Bezirksbeirat Dieter Grötzinger (Bündnis 90/Die Grünen) signalisierte gleich zu Beginn der Debatte am 21. Februar, dass seine Fraktion dem Konzept nicht zustimmen kann. Er bezeichnete es als „riesigen Wust” ohne „klare Linie”. Die Demeter-Äcker dürften nicht angetastet werden, forderte der Grünen-Sprecher. Und so viel Wohnbau wie vorgeschlagen habe sich im Bezirk niemand gewünscht. Ein Großteil der „Bernsteinwiese” sei zu erhalten, so Grötzinger weiter. Und das Gewerbeareal solle an den Schwarzäckern bleiben.

Philipp Kordowich (CDU) würdigte das städtische Konzept zwar als „guten ersten Aufschlag”, sieht aber noch erheblichen „Nacharbeitsbedarf”. Er fühle sich an Pippi Langstrumpf erinnert, meinte Kordowich.

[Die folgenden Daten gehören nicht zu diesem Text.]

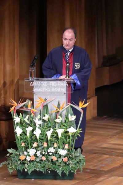 Η τελετή ξεκίνησε με την προσφώνηση από τον Πρύτανη του Πανεπιστημίου Πειραιώς, Καθηγητή Μιχαήλ Σφακιανάκη και τον Κοσμήτορα της Σχολής Ναυτιλίας και Βιομηχανίας, Καθηγητή Άγγελο Παντουβάκη και ακολούθησε η παρουσίαση του έργου του τιμωμένου (Laudatio) από τον Πρόεδρο του Τμήματος Ναυτιλιακών Σπουδών Καθηγητή Γιάννη Θεοτοκά.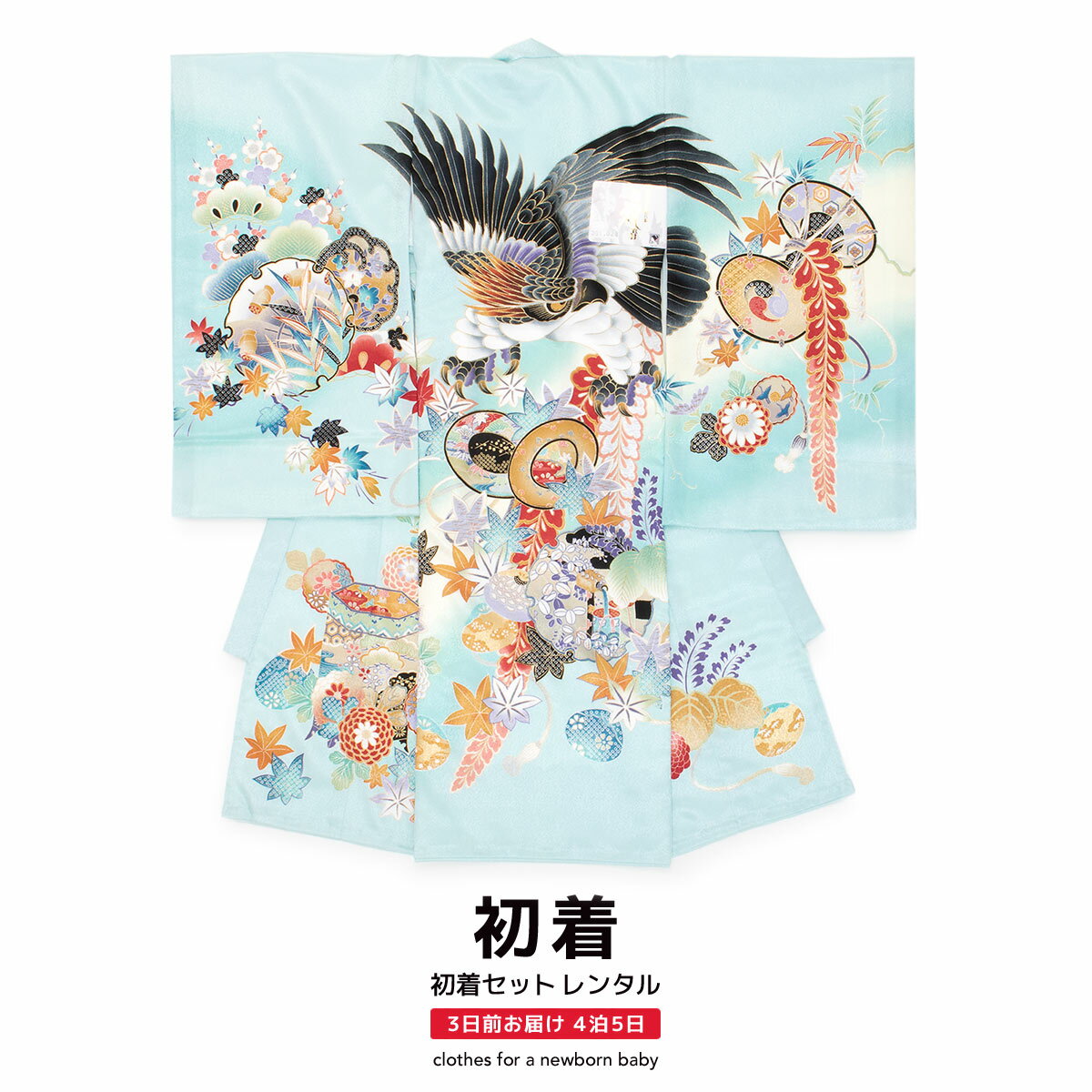 【スーパーSALE限定☆最大3000円クーポン配布中☆】【レンタル】 お宮参り 男の子 レンタル 産着 フルセット 水色 ライトブルー 鷹 藤 楓 雪輪 萩 松 菊 貝桶 男児 掛け着 うぶぎ 祝着 記念撮影 赤ちゃん 祝い着 帽子 よだれかけ 創美苑 往復送料無料

Doch nach dem Motto „Ich mache mir die Welt, wie sie mir gefällt” dürfe die Stadt nicht planen. Sein Rat an die Stadtplaner: „Nehmen Sie das Papier mit und arbeiten Sie es in den nächsten zwei Jahren nach!” Zudem forderte der Unionssprecher eine Bürgerinformation in größerem Rahmen. Die durchgeführte Bürgerbeteiligung sei eine „geschlossene Gesellschaft” gewesen.

Auch Ulrich Storz (SPD) empfahl den Stadtplanern, die nächsten ein bis zwei Jahre für eine „vertiefte Planung” zu nutzen und dann noch einmal in den Bezirksbeirat zu kommen. Die Zusammenarbeit der an der bisherigen Planung beteiligten Ämter der Stadt erscheine ihm „rudimentär bis schlecht”. Von den Plänen auf dem Gelände des TSV Heumaden zeigte sich Storz „überrascht”. Dass die Standortverlegung der Freien Aktiven Schule wirklich so sicher sei wie von der Stadt behauptet, stellte er in Frage. Und das Energiekonzept sei rückwärtsgerichtet, daran müsse man „noch feilen”.

Gerrit Heidelberg (Die FrAKTION) brachte die Interessen der Flüchtlinge ins Spiel. Andreas Lehrfeld (FDP) und Walter Haag (Freie Wähler) erinnerten an die Standortinteressen der im Quartier angesiedelten Handwerker.

Bezirksbeirat signalisiert: So nicht!

Der Sillenbucher Bezirksbeirat sollte, so der Wunsch der Stadt Stuttgart, das vorgelegte Entwicklungskonzept für Heumaden-Süd sowie den Bericht über die durchgeführte Bürgerbeteiligung und Planung „zustimmend zu Kenntnis nehmen” und der Stadtverwaltung für weitere Planungen einen Auftrag erteilen. Das wäre zwar kein Beschluss, aber ein Signal an Stadtverwaltung und Gemeinderat. Dazu war der Bezirksbeirat nicht bereit.

Nach längerer Diskussion einigte man sich auf die Schlussformel: „Der Bezirksbeirat diskutiert kontrovers die vorliegende Beschlussvorlage. Für eine zustimmende Kenntnisnahme enthält die Beschlussvorlage ungeklärte Zielkonflikte, aufgrund derer der Bezirksbeirat die Beschlussvorlage derzeit nicht zustimmend zur Kenntnis nehmen kann.”